# intelligent relay bypass module



## fredk2_net13 (Jan 27, 2020)

hello
i would like to know something about the intelligent relay bypass

Do i have to buy a  Panasonic TQ2-L-5V relay or can i replace it by another one ?

If someone  has tried this relay pcb,  would i have a review about your experience with this kit ? ?

best regard


----------



## DGWVI (Jan 27, 2020)

I've used this system for a few builds, and love it. Adds a lot more of a dynamic nature than just on/off. I've only used the Panasonic relays.


----------



## chongmagic (Jan 27, 2020)

It works well definitely worth it. I have only used Panasonic relays.


----------



## fredk2_net13 (Jan 27, 2020)

okay thank you for these rapid responses !! 
i m happy to read this because i tried fisrt with a non panasonic and it didnt work 
so i m gonna buy a real panasonic relay


----------



## Robert (Jan 27, 2020)

It should work with other relays but you'll have to ensure that the specs are similar...

Single-coil latching
Same pinout
Coil current
Operate / Release time


----------



## Many__Of__Horror (Jan 27, 2020)

Robert said:


> It should work with other relays but you'll have to ensure that the specs are similar...
> 
> Single-coil latching
> Same pinout
> ...


Any update on when the boards will be back in stock?


----------



## Robert (Jan 27, 2020)

The boards are here now, just waiting on the microcontrollers.   They should be arriving tomorrow.


----------



## fredk2_net13 (Feb 1, 2020)

hello today i put the true panasonic relay on this relay module and i have to say that everything is all right
 it's working  perfectly
thank for your attention
regards


----------



## kuun (May 24, 2020)

How are leds wired to this bypass? I don't understand all the in/out pads that are available.


----------



## Robert (May 24, 2020)

The module is designed to work with the onboard LED of the effects PCB you are using it with... 

If you're using it in some other application you _can_ connect an LED directly to the module,  omit Q1 (2N3904) and install the Cathode of the LED in the left pad of Q1, Anode of the LED in the center pad of Q1.

You will need to adjust the value of R1 (10K) accordingly.   Start with 1K.


----------



## vashuba (Sep 3, 2020)

how do i wire this up? anyone have pics?


----------



## fredk2_net13 (Sep 3, 2020)

vashuba said:


> how do i wire this up? anyone have pics?
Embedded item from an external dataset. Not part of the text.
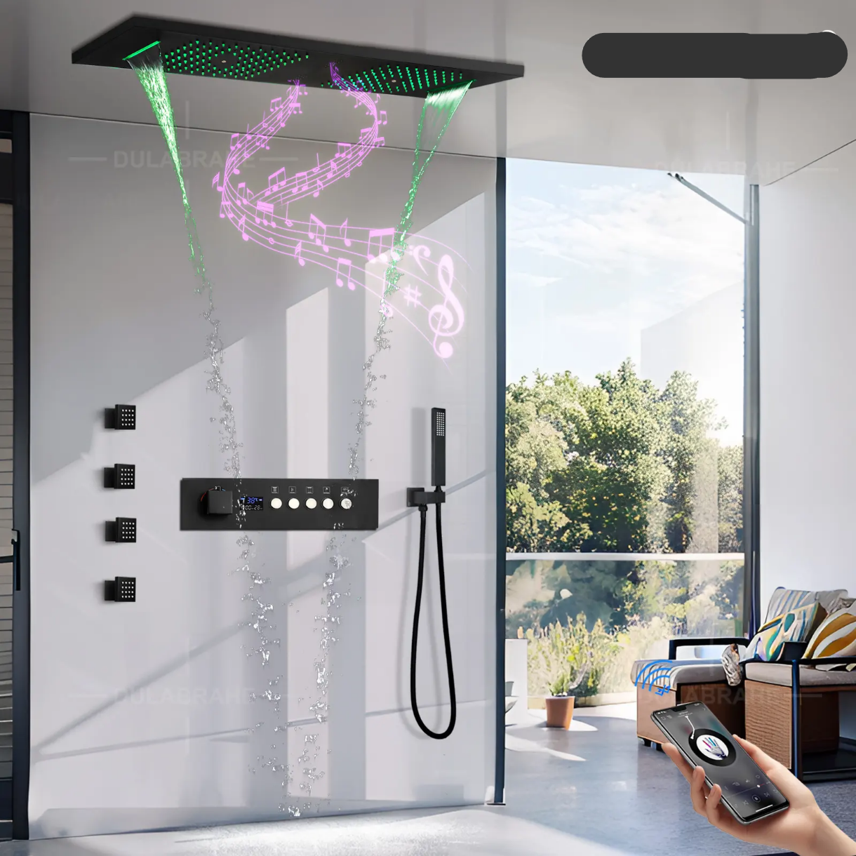 Size: 36x12inches Materials: High-end copper and Stainless steel Color: Black function: Waterfall, Rain Shower, Atomization, Music Player Digital Display, Side... Read more

hello here is my pics of the relay i wired and that is working perfectly


----------



## krsdrm (Sep 4, 2020)

fredk2_net13 said:


> hello
> i would like to know something about the intelligent relay bypass
> Do i have to buy a  Panasonic TQ2-L-5V relay or can i replace it by another one ?
> 
> ...


I've built several of them and I've used the TQ2-L-5V and I've used EA2-5SNJ. They both worked fine but the EA2-5SNJ is harder to find in stock.


----------



## fredk2_net13 (Sep 4, 2020)

krsdrm said:


> I've built several of them and I've used the TQ2-L-5V and I've used EA2-5SNJ. They both worked fine but the EA2-5SNJ is harder to find in stock.
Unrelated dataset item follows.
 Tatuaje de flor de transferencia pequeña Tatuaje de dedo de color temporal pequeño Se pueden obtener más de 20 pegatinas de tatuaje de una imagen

finally i bought the TQ2-L-5V and it has been working perfectly   since i put the panasonic relay


----------



## vashuba (Sep 7, 2020)

Thanks for the pics! so is there a wiring diagram? 
So there are the the inner 4 lugs. 
then the outer 4 (in +) & (- Out) are this coming from the effect PCB? 
can. someone clarify these
thanks


----------



## vashuba (Sep 7, 2020)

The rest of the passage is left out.